Kritik zu Black Dog – Weggefährten
Der chinesische Regisseur Guan Hu erzählt mit wenig Dialogen und vielen kunstvollen Tableaus von sehr viel mehr als von der Freundschaft zwischen einem jungen Haftentlassenen und einem streunenden Hund, den alle für gefährlich halten
Bei einem waghalsigen Motorradrennen verschuldete Lang (Eddie Peng) den Tod des Neffen des örtlichen Mafioso. Als der Stunt-Performer nach zehnjähriger Haft in seine Heimat am Rande der Wüste Gobi zurückkehrt, sind alle Augen auf die Eröffnungszeremonie der Olympischen Spiele in Peking gerichtet, ein mediales Großereignis, mit dessen Pomp sich der Staatsapparat 2008 feiert. Langs Welt, eine Mischung aus Mond- und Trümmerlandschaft, ist das Gegenteil dieser Glitzershow. Die verwaisten Häuser der Stadt sind Ruinen. Sie sollen, so eine Radiodurchsage, abgerissen werden, um dem Fortschritt zu weichen.
Was geschah mit den zwangsumgesiedelten Bewohnern? Dies zeigt der chinesische Regisseur Guan Hu auf eine sehr subtile Art. Nachdem er mit seinem historischen Kriegsdrama »The 800« bei der Filmzensur aneckte, erzählt er in »Black Dog« vordergründig von einer anrührenden Begegnung zwischen Mensch und Tier, die es ihm aber ermöglicht, sensible Themen auf eine weniger direkte, aber dennoch wirkungsvolle Weise zu bebildern. Es geht um Hunde in der chinesischen Kultur, die sich von Nutz- und Nahrungstieren hin zu geliebten Haustieren und Familienmitgliedern wandelten.
Schon in der magischen Eingangssequenz streunen die Hunde wie Gespenster durch die Wüste. Sie leben überall in den Trümmern – gut könnten sie auch als Metapher für jene Menschen stehen, die vom System zu Objekten der Verwaltung reduziert wurden.
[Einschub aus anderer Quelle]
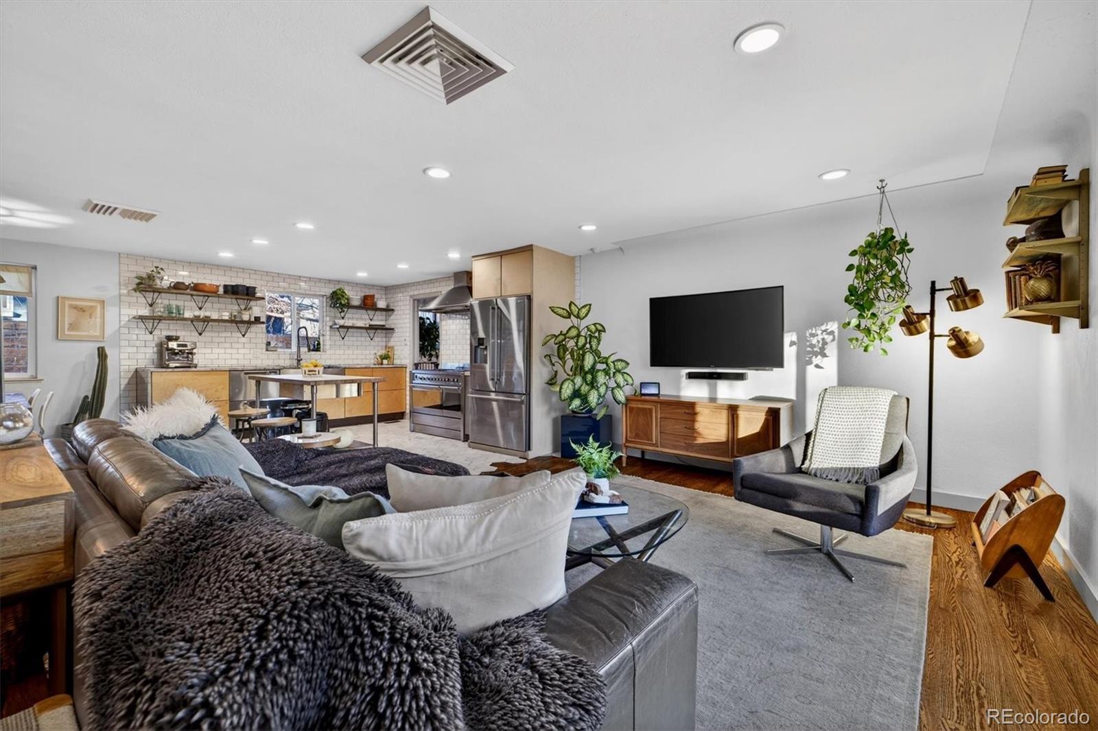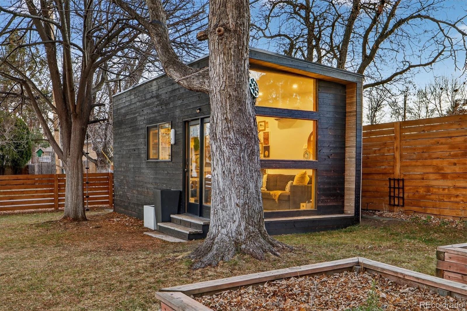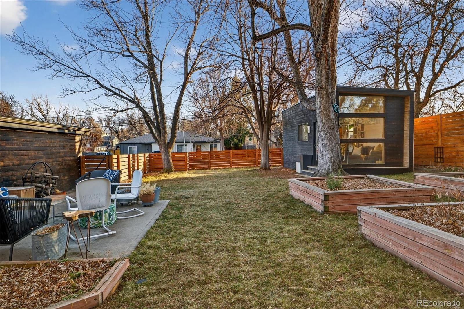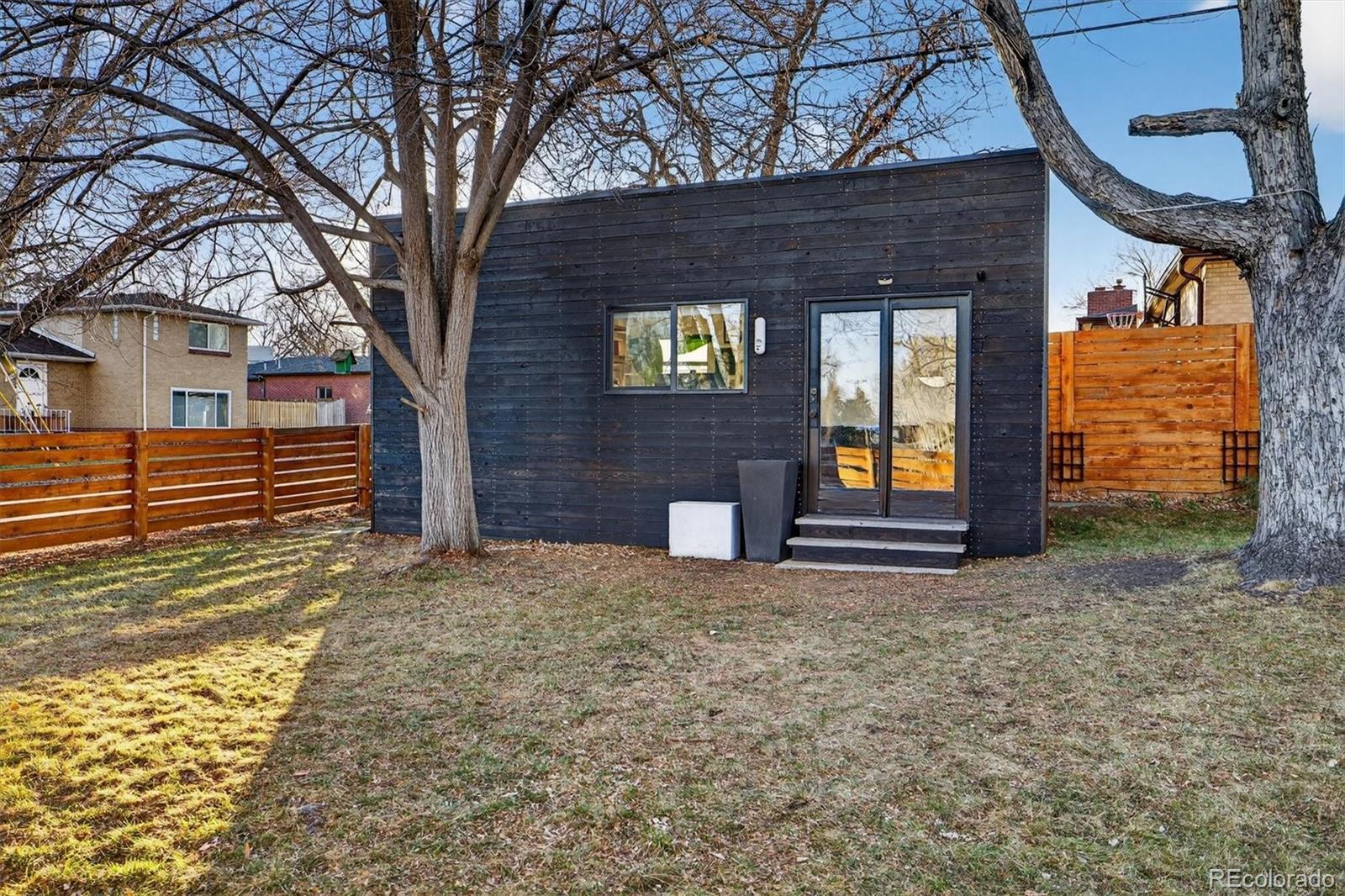 With over 250K+ of improvements, this is not a flip. This is a completely updated home, siding, electrical, flooring landscaping, fixtures, an ADU. This stunning home has been remodeled by the sellers with love. Come check out this one-of-a-kind mid-century gem, ideally located on the Lakewood–Edgewater border just minutes from Sloan’s Lake, Edgewater Marketplace, Downtown Denver. Inside, original 1950s cove ceilings, hardwood floors, and custom tilework bring timeless character, while the open, modern layout creates a warm and effortless flow. The chef’s kitchen is the heart of the home, featuring a 48” professional-style range, striking Italian SMEG appliances, and thoughtful storage, including a custom pantry—perfect for both everyday living and entertaining. The main level offers three comfortable bedrooms, a well-appointed bathroom, a dedicated laundry room, and a versatile bonus space ideal for a TV room, playroom, or home office. Owned by a custom woodworker, the home showcases handcrafted built-ins, oversized closets, and exceptional attention to detail throughout. A true standout is the approximately 200 sq ft ADU office studio with soaring 12-foot ceilings, floor-to-ceiling windows, and direct garden access and a mini-split for heating with its own sub panel with open spots—an inspiring work-from-home retreat. The backyard is a private oasis with mature trees, perennial gardens, and three irrigated raised beds with established berries and blooming lilacs each spring. Three outdoor seating areas offer space to relax or entertain, complete with electrical access and an outdoor projection screen for movie nights. Animal lovers will appreciate the custom dog run, charming chicken coop, garden shed, and organized outdoor gear storage with easy pack-in, pack-out access. Major upgrades include a high-efficiency furnace, tankless water heater, and a brand-new roof and everything else! This is one you have to see, schedule a showing at your new home!
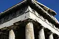 The entablature of the Hephaisteion (temple of Hephaistos) in Athens, showing Doric frieze with sculpted metopes.
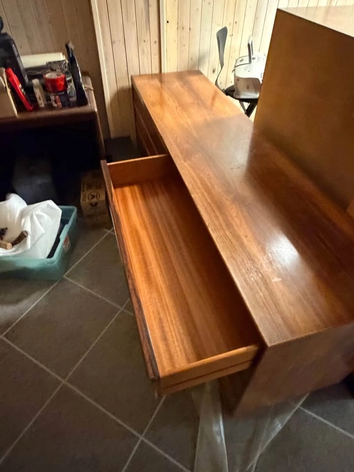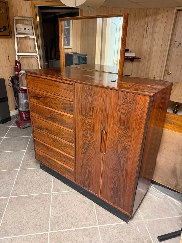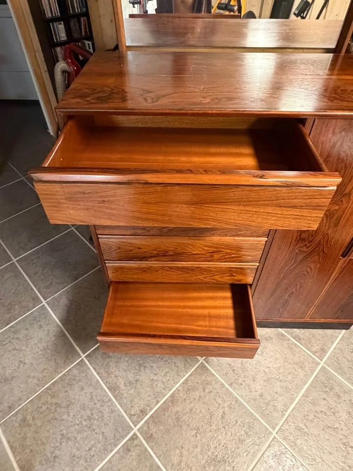 Late 1960s era solid Rosewood bedroom furniture. Scandinavian design, known for using the highest grade rosewood. Brazilian rosewood was banned in 1969, so these are likely from before that time. No visible markings, as they were often faint from manufacturers of that era. This set has been in my family since I was a child.
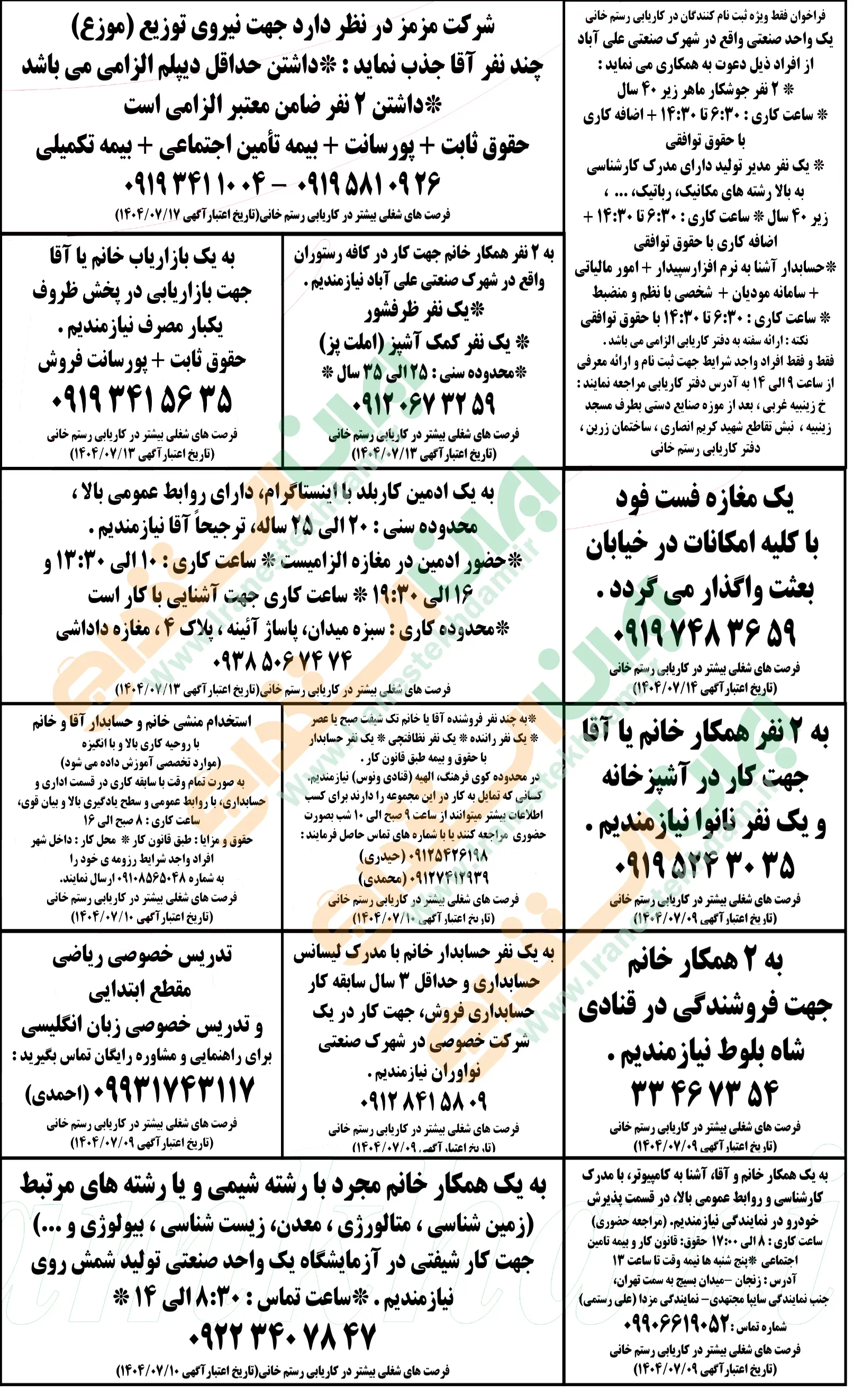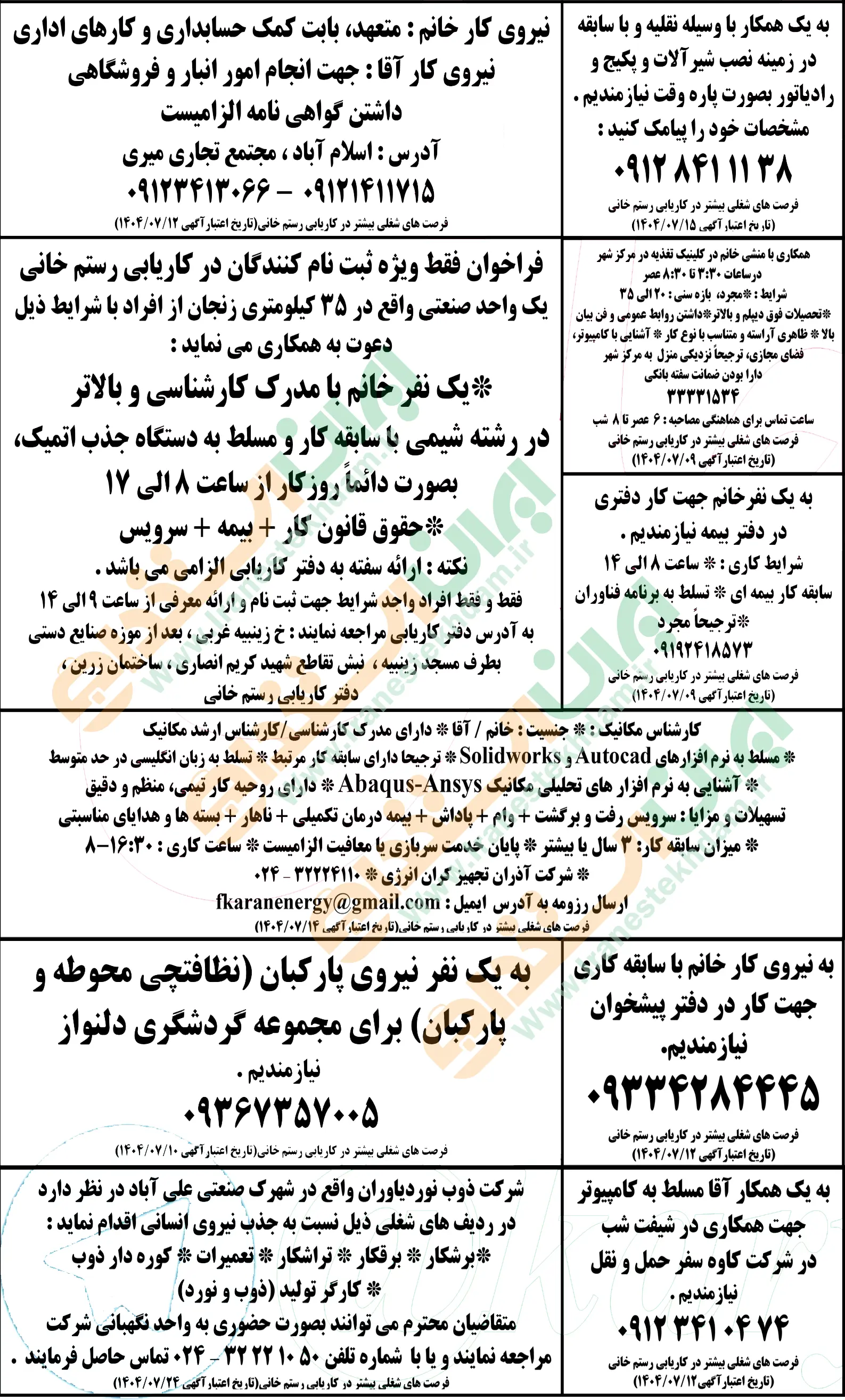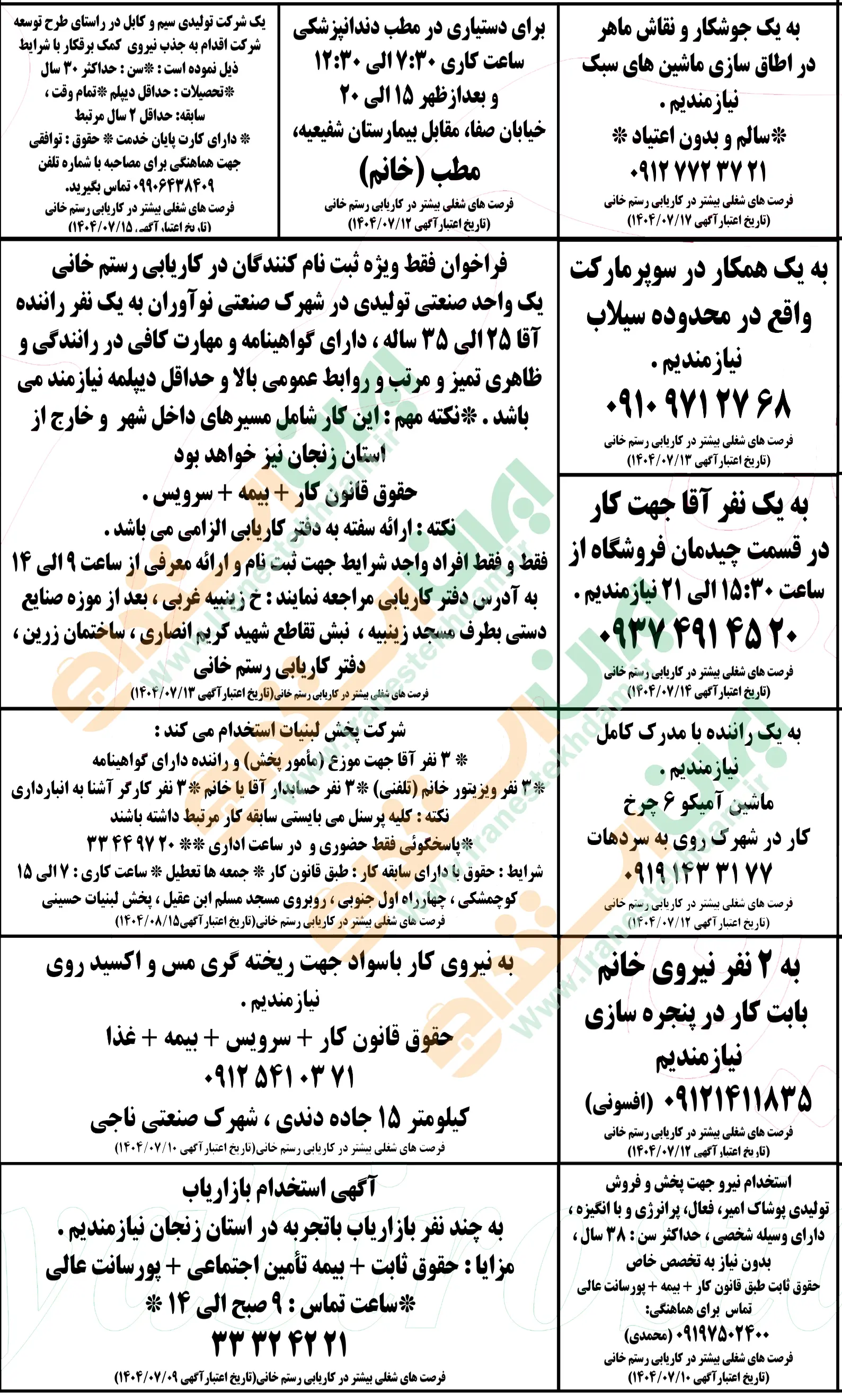 روزنامه استخدامی استان زنجان | چهارشنبه ۹ مهر ۱۴۰۴
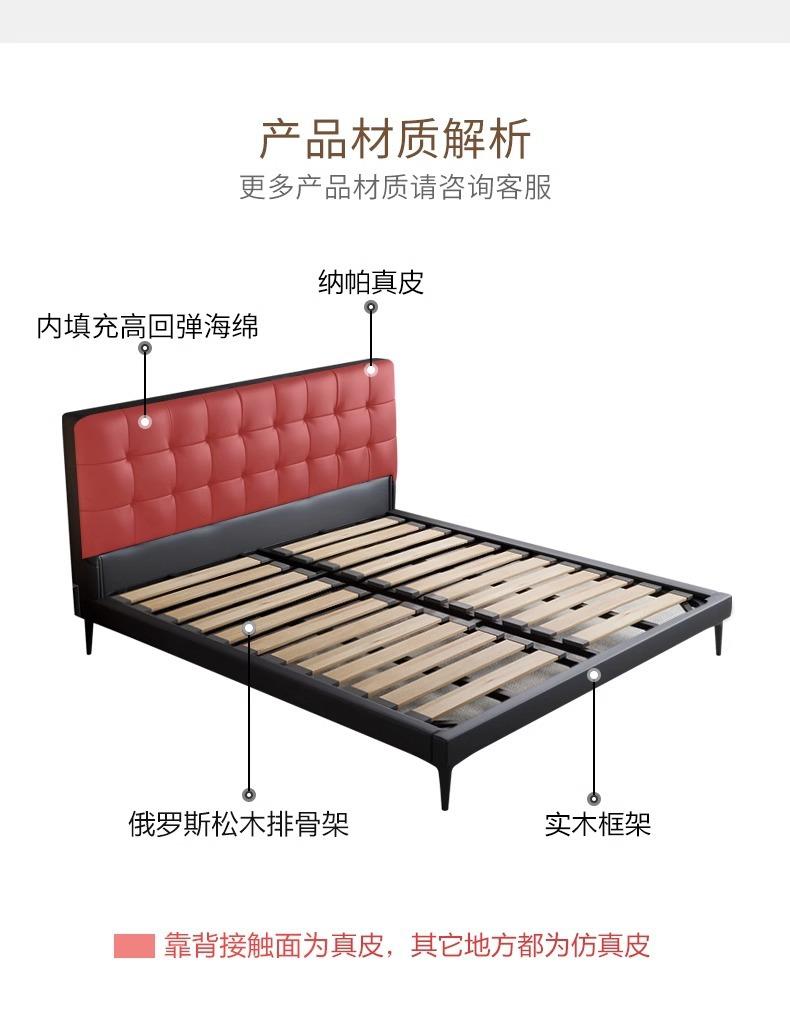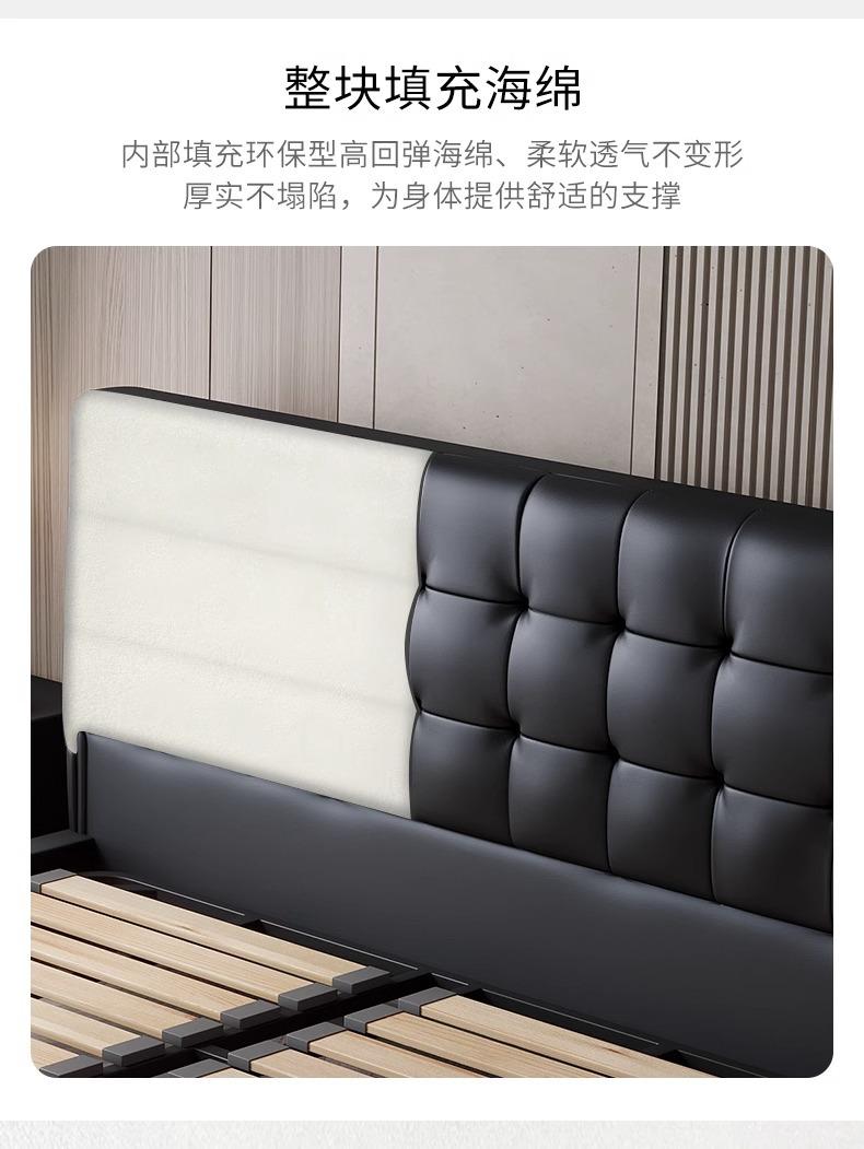 Compra Cama moderna y sencilla de cuero negro, estilo nórdico, ligera, de lujo, para apartamento pequeño, cama auxiliar suave, para dormitorio principal, cama doble minimalista italiana. al por mayor en Joom.pro
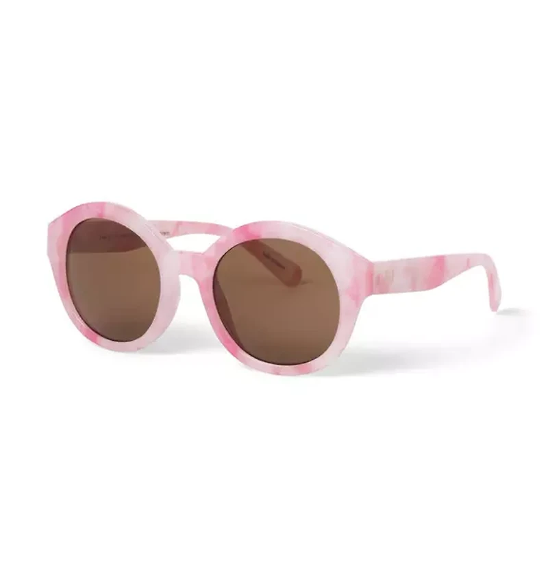 Add instant cool to any look with these round sunnies. Featuring marbled details and tinted UV lenses for facing bright days. Manmade Material Polyurethane Frame; UV Lenses Flexible Pink Rubber Arms (Size 0-3 Only) Spot Clean; Imported

Um die Stadt für einen Investor attraktiv zu machen, sollen unzählige Vierbeiner eingefangen und in Lagern interniert werden. Bei seinem Job als Tierfänger, den er mangels Alternativen annimmt, freundet Lang sich mit einem angeblich tollwütigen schwarzen Hund an: Allein schon die Interaktionen zwischen den beiden – die den Lassie-Kitsch unterlaufen und dennoch anrührend daherkommen – sind das Eintrittsgeld wert.
In der stilsicheren Mischung aus Roadmovie, Western und Slapstick verkörpert der aus Taiwan stammende chinesische Kinostar Eddie Peng einen Antihelden, der sich durch Schweigsamkeit seinem vierbeinigen Gefährten mehr und mehr anverwandelt. Mit kunstvollen Ellipsen erzählt der Regisseur eine Geschichte – indem er sie nicht erzählt. Fast jedes Bild ist ein raffiniert beobachtetes Tableau, das man sich ins Zimmer hängen möchte. So entwickelt der Film eine sogartige Wucht.
Am Ende erschüttert ein sinnbildliches Erdbeben das System. Im Zoo, um den Lang sich nach dem Tod seines Vaters kümmert, verlässt der Tiger majestätisch langsam seinen Käfig. Auch die restlichen Zootiere kehren in ihre Häuser in der Stadt zurück. Ein kurzes Pfeifen, mit dem Lang ansonsten mit seinem Hund kommuniziert, zitiert die Melodie des leitmotivischen Pink-Floyd-Songs »Mother«. Das Lied erzählt von einer overprotecting mother, die Assoziation zur unsichtbar allgegenwärtigen kommunistischen Partei liegt nahe. Dass der bedeutende chinesische Regisseur Jia Zhangke hier in einer raren Schauspielrolle auftritt, unterstreicht die Relevanz von Guan Hus melancholischem Meisterwerk.